Financial Reform Bill Includes Provision Addressing Insurance Redlining
Although garnering relatively little attention to date, included in the Dodd-Frank Financial Reform bill is a provision (Section 502) creating the "Federal Insurance Office" (FIO). The FIO is charged with, among other things, "monitor[ing] the extent to which traditionally underserved communities and consumers, minorities, and low- and moderate-income persons have access to affordable insurance products regarding all lines of insurance..." The FIO has authority to "receive and collect data and information on and from the insurance industry and insurers" and to "analyze and disseminate data and information." This data review component offers federal regulators an opportunity to analyze the information for potential insurance redlining similar to agency review of Home Mortgage Disclosure Act (HMDA) data for lending discrimination. Federal agencies (and class action plaintiffs' attorneys) have for many years used HMDA to support investigations and lawsuits against lenders. The creation of the FIO and the data review process may lead to similar results.
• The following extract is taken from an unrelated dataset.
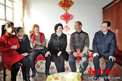 在東冶鎮(zhèn)永安村徐計(jì)文家,胡蘇平詳細(xì)了解家庭生產(chǎn)生活情況,詢問(wèn)徐妻的病情,得知3個(gè)孩子都在上學(xué)、家中因病因?qū)W致貧后指出,扶貧必扶智,把孩子培養(yǎng)出來(lái)是根本的扶貧之策。她鼓勵(lì)徐計(jì)文夫婦樹(shù)立信心,咬緊牙關(guān),挺過(guò)暫時(shí)困難,用心把孩子們培養(yǎng)成人,并祝愿徐計(jì)文一家新的一年有大的轉(zhuǎn)變。村民徐喜堂在10多年前因事故腰椎受傷,不能從事重體力勞動(dòng),胡蘇平了解到他正在經(jīng)營(yíng)大棚,但設(shè)施落后、產(chǎn)出效益不好時(shí),隨即指示省人大駐村第一書(shū)記幫助設(shè)計(jì)改造大棚設(shè)施,適度擴(kuò)大種植規(guī)模,完善功能,增加種植品種,提高家庭收入,盡快脫貧致富。調(diào)研期間,胡蘇平囑咐貧困群眾,各級(jí)黨委和政府一定會(huì)按照中央和省委的部署,想方設(shè)法幫助他們解決具體困難,幫他們?cè)缛彰撠毐夹】?。同日,省人大常委?huì)13名專委主任分赴東治鎮(zhèn)和陽(yáng)白鄉(xiāng)的8個(gè)包扶村貧困群眾家中進(jìn)行調(diào)研、慰問(wèn)。

As professor Gregory D. Squires recently wrote in comparing the FIO's data review function to banking agency review of HMDA:
This is the time for the federal government to finally collect from the insurance industry the kind of information it has long collected from mortgage lenders under the Home Mortgage Disclosure Act (HMDA). For more than three decades the Feds have collected information on the number and types of home loans most mortgage lenders have made in the nation's metropolitan areas along with the census tract or neighborhood in which the homes were located. HMDA has been modified so now lenders are required to disclose the race, gender, and income of all applicants, whether their application was approved or denied, and for certain high cost loans the interest rate on those loans.